- **Task to carry out**: Extract the lines up to and including the one that contains "第一代慢病毒質(zhì)粒缺", starting with the first line of the entries below, and omit the pictures.
══════════════════════════════
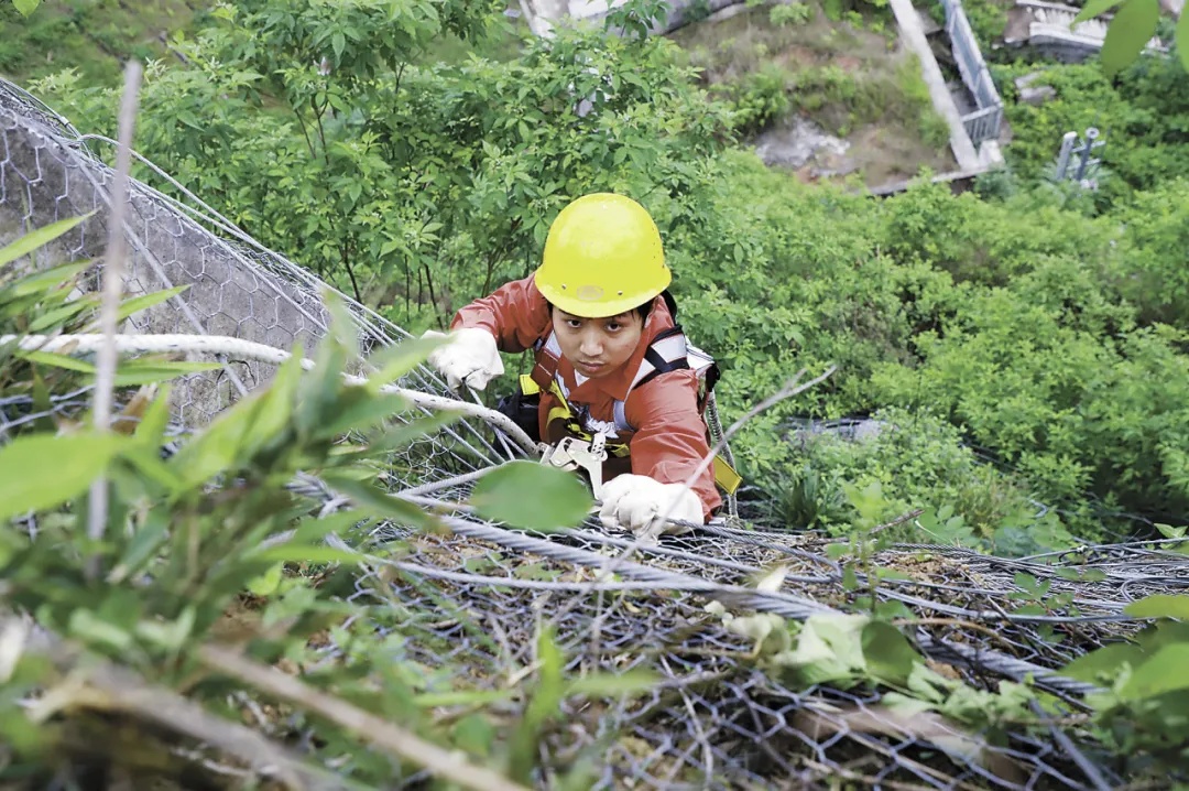 有多难?由于地质条件特殊,不同于一般的骨架式防护,黄杜岩隧道外裹了一层柔性主动防护网。网面柔软,缺乏支撑点。作业时,王俊只能靠手攀住防护网上的钢丝圈,身体紧贴峭壁,才能勉强维持平衡。
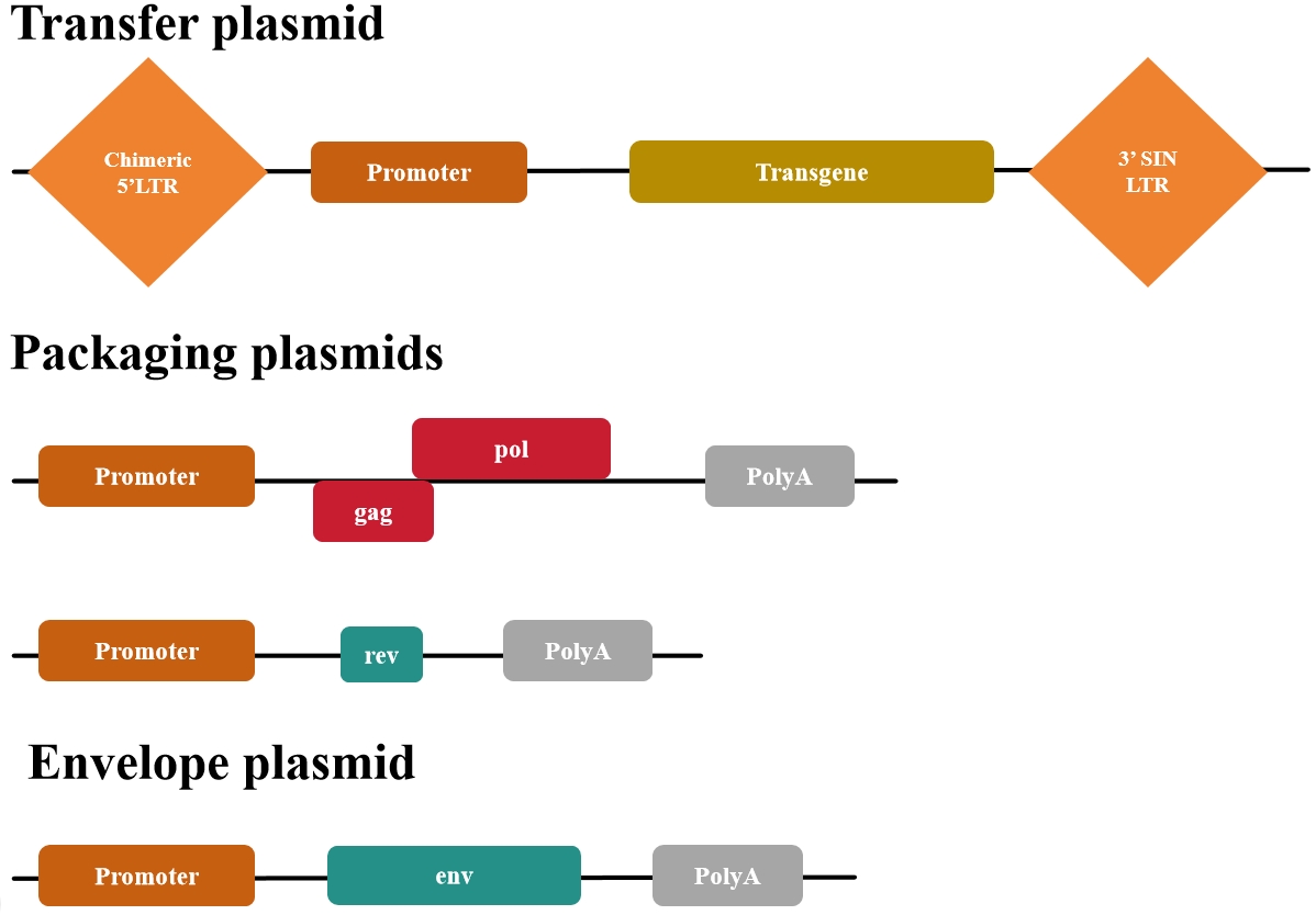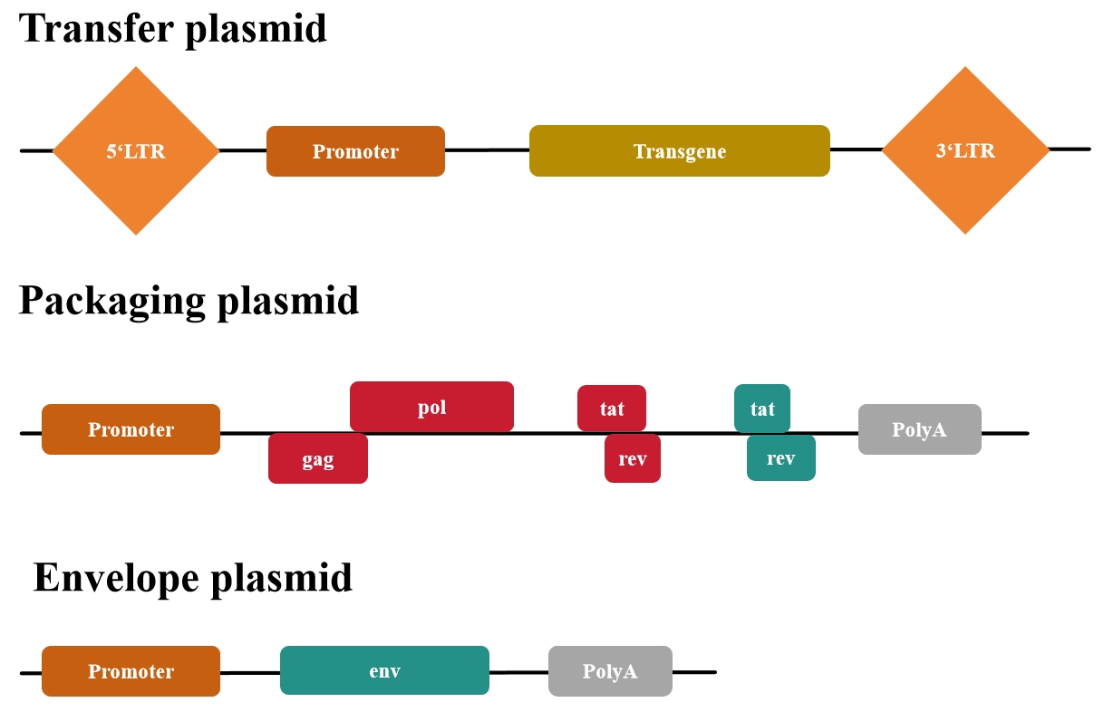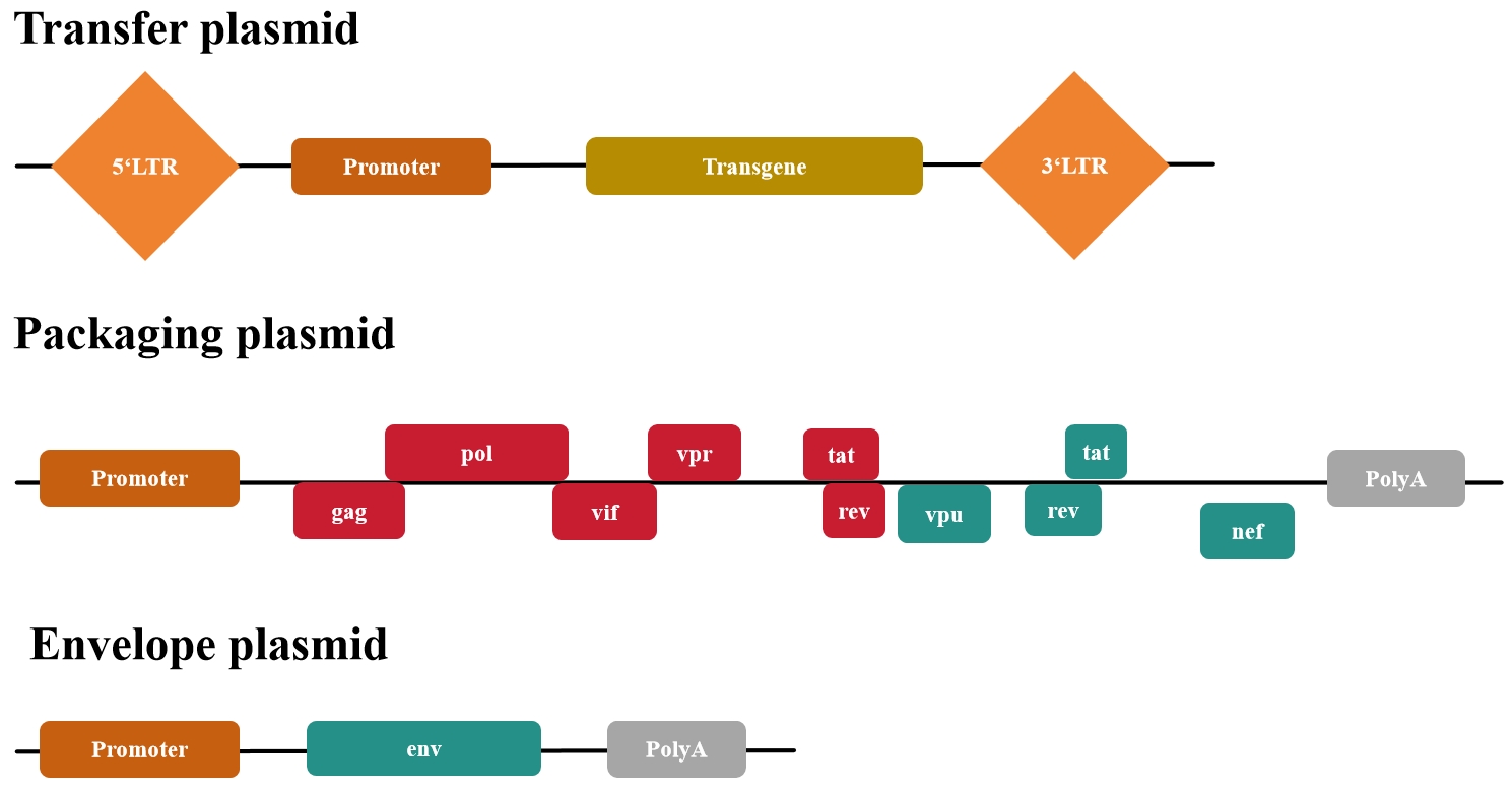 第一代慢病毒質(zhì)粒缺乏安全性改進以及無法生產(chǎn)具有復(fù)制能力的慢病毒(即產(chǎn)生能夠感染細胞并進一步自我復(fù)制的病毒顆粒),基本已經(jīng)廢棄使用了。
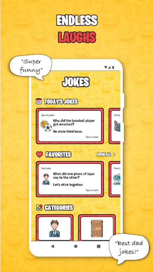 Need a good laugh? Jokes has you covered with 2000+ hilarious jokes with 18 categories!
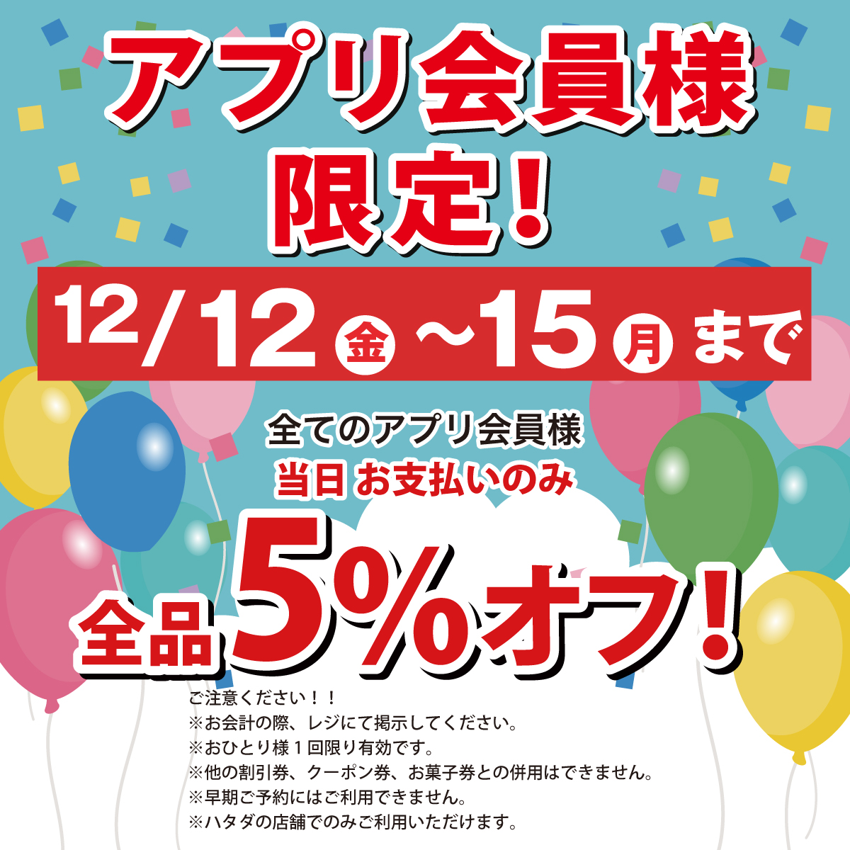 明日から12月15日(月)までの4日間限定‼️アプリ会員様限定 全品5%オフ‼️
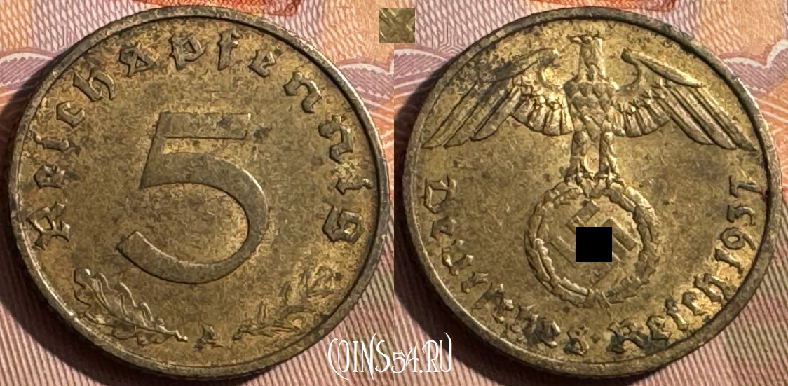 Германия (Третий рейх) 5 рейхспфеннигов 1937 года A, KM# 91, 373s-115
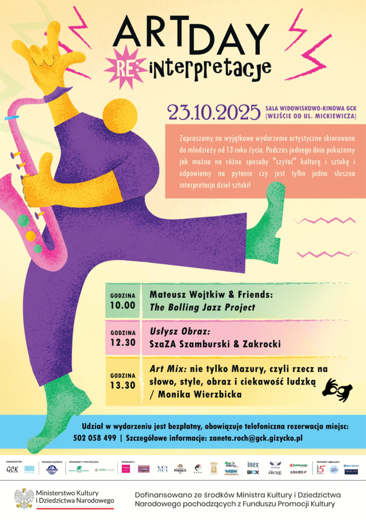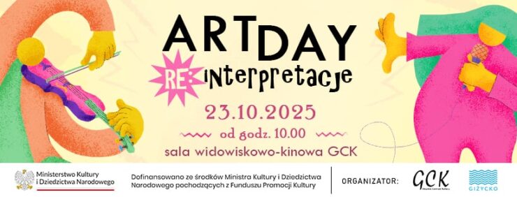 23 października 2025 roku sala widowiskowo-kinowa Giżyckiego Centrum Kultury stanie się przestrzenią spotkania z muzyką, obrazem, słowem i wyobraźnią. W ramach wydarzenia ART DAY: Re-interpretacje młodzi mieszkańcy Giżycka, czyli młodzież od 13. roku do 18 życia będą mieli okazję uczestniczyć w wyjątkowym projekcie, którego celem jest ukazanie sztuki w wielu odsłonach i pokazanie, że interpretacja dzieła nigdy nie jest jednoznaczna.
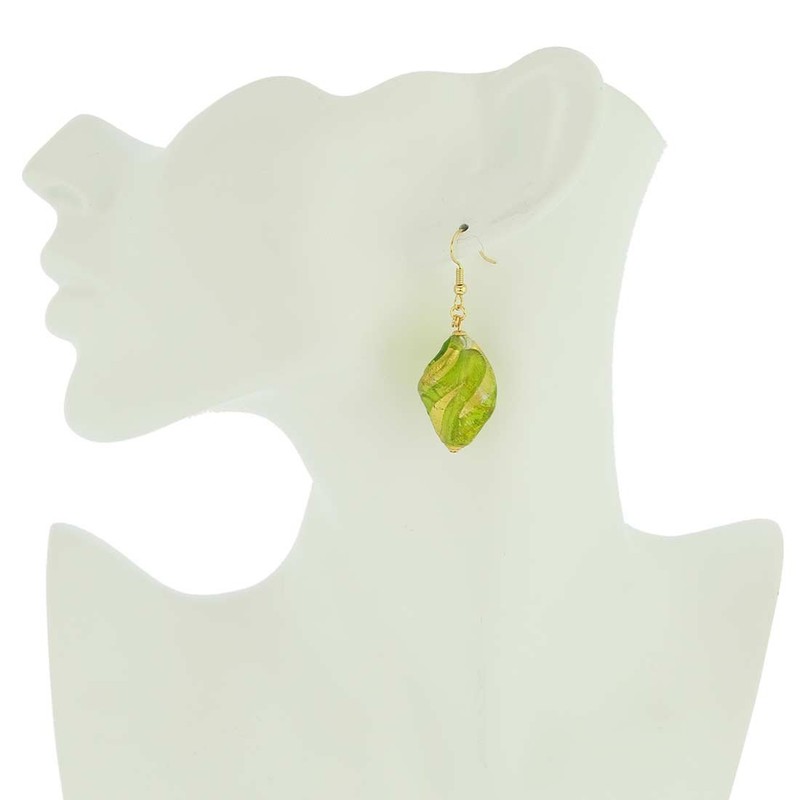 These stunning earrings, in a gorgeous emerald and gold colour palette, each feature a unique twisted bead suspended from a strand of small round beads. The amazing colours and exquisite design together create a subtle golden shine as the light penetrates through the glass. The timeless beauty of these earrings is a testament to the unparalleled ability of Murano glass makers to create magic from glass. This versatile piece of jewellery can be worn with your favourite sweater, shirt or evening dress and is guaranteed to bring you many compliments. Wear it to demonstrate your distinctive sense of style and taste. Add the matching necklace to create an even more impressive look.
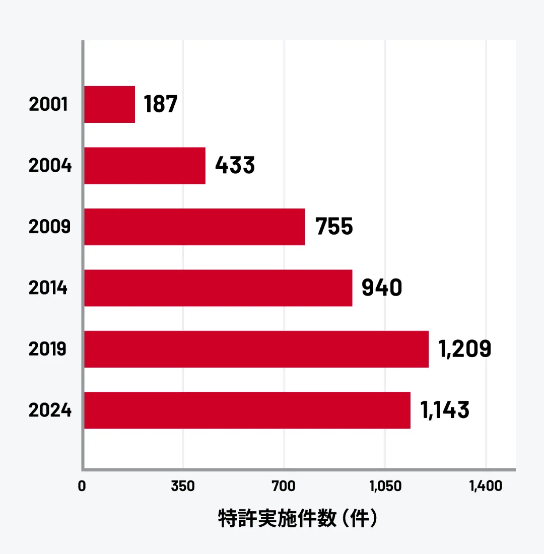 特許実施は、研究成果が実際に社会で使われている証です。産総研の特許実施件数は25年間で187件から1,000件超へと増加し、企業とのライセンス契約を通じて製品化・サービス化が進んでいます。
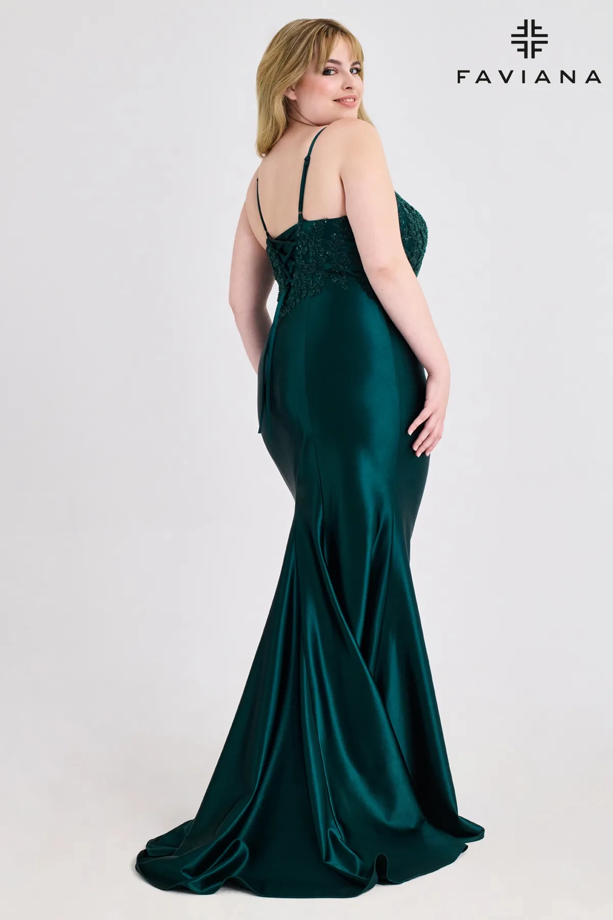 Plus Size Satin V-Neck Dress With Applique Detailing
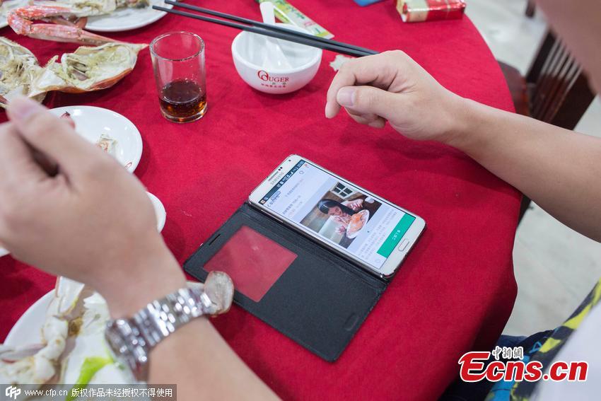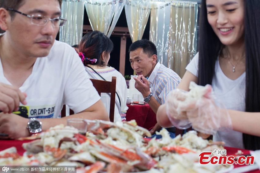 A woman helps a man eat cooked crab at a seafood restaurant in Hangzhou, East China’s Zhejiang province, Aug 28, 2015. The woman, 27, is a retired airline stewardess and known online for her crab-eating skills, such as separating the legs and claws to get meat. She offers the service on Taobao.com, China’s largest e-commerce site, and charges 10 yuan ($1.6) to prepare crab meat and five yuan extra to help with eating. The man spent 260 yuan on the service.(Photo/CFP)
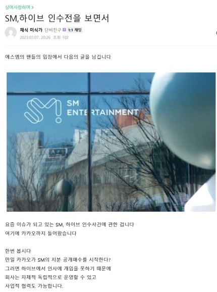 아니 근데 스엠은 빅히트였을때도 열등감 오졌었음 방탄이 엔딩하는 꼴은 죽어도 못봄
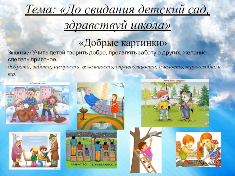 Цель: Формировать у детей осознание, понимание добрый поступков. Отличать героев по поступкам. Формировать понятие положительного и персонажа.
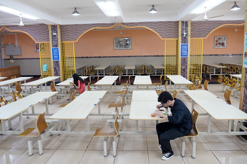 5月15日,在beat365在线唯一官网登录的一个学生食堂内,学生按照要求一人一桌吃午餐。
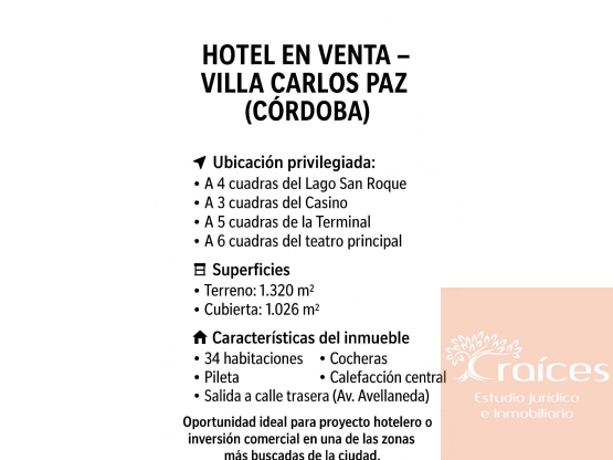 🏨 INMUEBLE CON DESTINO COMERCIAL – HOTEL EN VILLA CARLOS PAZ (CÓRDOBA)
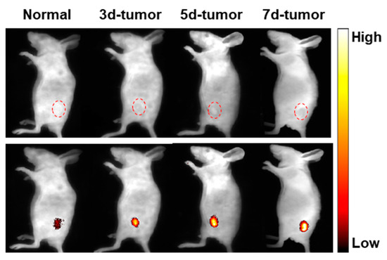 We further prepared a 4T1 tumor-bearing mouse model to study the response of TCF-VIS1 to viscosity in vivo. As displayed in Figure 7, in normal mice, the probe TCF-VIS1 exhibited only slight fluorescence. In contrast, the fluorescence at the tumor site of 4T1 tumor-bearing mice with different days was significantly enhanced, demonstrating that TCF-VIS1 could be a useful tool for visualizing tumors by monitoring viscosity in vivo.
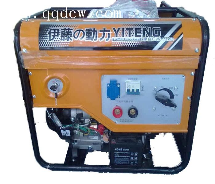伊藤YT250A汽油发电电焊一体机此款焊机适合长期连续焊5.0以内的焊条(包括5.0) 联系工作时间 20小时 直流焊机 适合管道施工 野外施工等 可以同时进行电焊机,照明,发电,碱性焊条,506 507 4.0 3.2焊条,不锈钢焊条 各种普通焊条。多功能发电电焊机。 技术参数:带走行轮,便于移动,适合野外作业。产品编号:YT250A 汽油发电电焊机一体空载电压:65V工作电压:22-30V发动机功率 16HP发电电焊机功率 7.5KW 电流调节范围:80-250A负载持续率:100%辅助电源电压:230V辅助电源功率:2KW机油警告系统:有冷却方式:风冷气门形式:OHV排气量:420L点火系统:无触点晶体管点火 邮箱容量:20L启动方式:手启动连续工作时间 15小时重量: 75KG此款发电焊机75KG 适用于户外钢结构施工 无需链接固定电源 随时随地都可进行电焊 发电电焊机,有汽油和柴油两款,各有其优点,电流有直流和交流,是发电机和电焊机连体的设备,一款新的焊机设备,且附带2千瓦的辅助电源,可以是电焊作业的同时进行其他照明灯工作。
══════════════════════════════
- **Your response**:
 有多难?由于地质条件特殊,不同于一般的骨架式防护,黄杜岩隧道外裹了一层柔性主动防护网。网面柔软,缺乏支撑点。作业时,王俊只能靠手攀住防护网上的钢丝圈,身体紧贴峭壁,才能勉强维持平衡。
 第一代慢病毒質(zhì)粒缺乏安全性改進以及無法生產(chǎn)具有復(fù)制能力的慢病毒(即產(chǎn)生能夠感染細胞并進一步自我復(fù)制的病毒顆粒),基本已經(jīng)廢棄使用了。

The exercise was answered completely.